After the prophet offered to release the prisoners for ransom, Zeinab sent some money in exchange for her husband, Abulas, along with the necklace that her mother Khadija had given her when she married.  When the Prophet saw the necklace he recognized it and he cried.  He decided he could not make the decision to release Abulas because he could not be objective about his daughter’s husband.  He told his companions to decide what to do with him.  They released him and sent Zainab’s money, and necklace back to her.   But the Prophet made a condition that Abulas then send Zeinab to Medinah, which he had refused to do before that.  The Prophet sent his servant Zaid ibn Haritha to Mecca to bring her.  Zainab was pregnant at the time.  On their way back to Medinah, they were stopped by members of Quraysh, and the fear and stress she experienced made her miscarry her baby.

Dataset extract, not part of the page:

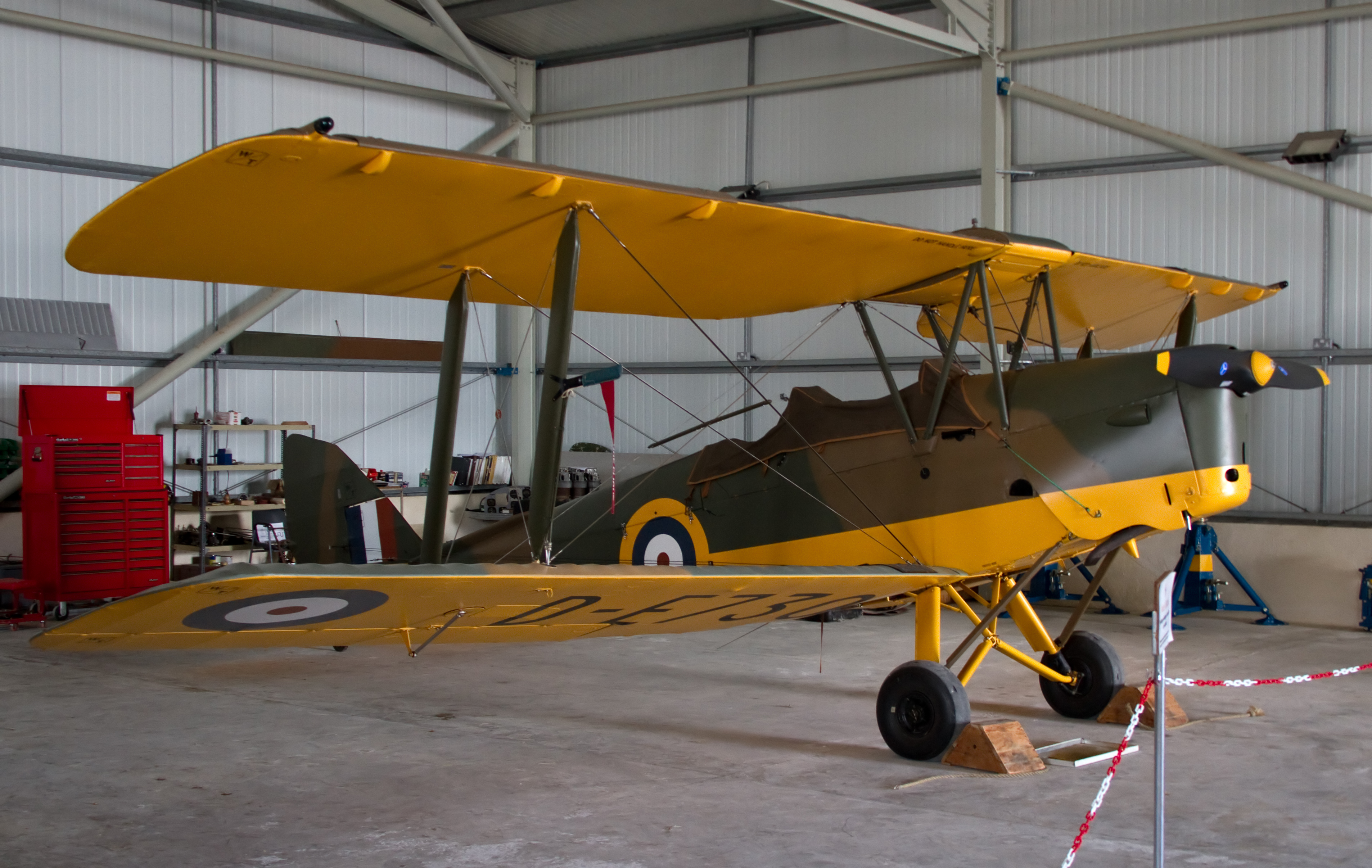 De Havilland Tiger Moth D-E730, at Malta Aviation Museum.

Around six years later, around year 8 AH, Abulas was leading a trade caravan and was attacked by a small group of Muslims.  They captured the caravan, but he escaped.  The closest place for him to go was Medinah, so he went to Medinah and asked for Zeinab’s house, and asked her to protect him.  She took him in, stood on her roof, and pronounced “I am Zeinab bint Muhammad, and I give my protection to Abulas Ibn Rabiyya.”  The Prophet heard her while he was praying in the mosque, and he asked the people “Have you heard what I just heard?”  He said, “I didn’t know anything about this until now.”  He went to Zeinab and said, “Take care of him, but don’t let him come close to you physically, because you are no longer legally married.”  By this time, the Muslims were forbidden from marrying the non-Muslims. 

Then the prophet gathered the Muslims and told them that Abulas Ibn Rabiyya was under his daughter’s protection, and suggested that they give him back the money that they had taken from the caravan (which was Quraysh’s money).  They got all the bounty and gave it back to him.  They released him and he went back to Mecca.  He gave everyone in Mecca their money back, and asked them to confirm that they had all received their money.   After they said yes, he said the Shehada and converted to Islam.  He then went back to Medinah, for the third time, and he and Zeinab remarried.  They lived together in Medinah for a year.  They never had children, and Zeinab died a year later, at age 30. 

The story of Fatima, the Prophet’s youngest daughter, is for another time.  She spent more time at the Prophet’s side during the years of prophecy than any of the others.  Suffice it to say here that she was the only one of the Prophet’s daughters who had children, two sons, Hassan and Hussein (who were later martyred), and two daughters.  Fatima named her daughters after her sisters, Zeinab and Um Khulthum.  We can only imagine that had she had a third, she would have named her Ruqayyah..  The Prophet, by all accounts, loved his daughters, and they all loved him.  Yet because of his message they suffered so much, and he had to watch them suffer, and even die.  And all they had to sustain them was the wahy.  How great that power had to be – the power of the revelation – the power of their faith through such suffering.  It is an awesome thing for us to ponder today - to remember their stories, and to thank God for our families and our blessings, and to ask God to give us the strength of faith whenever we are suffering.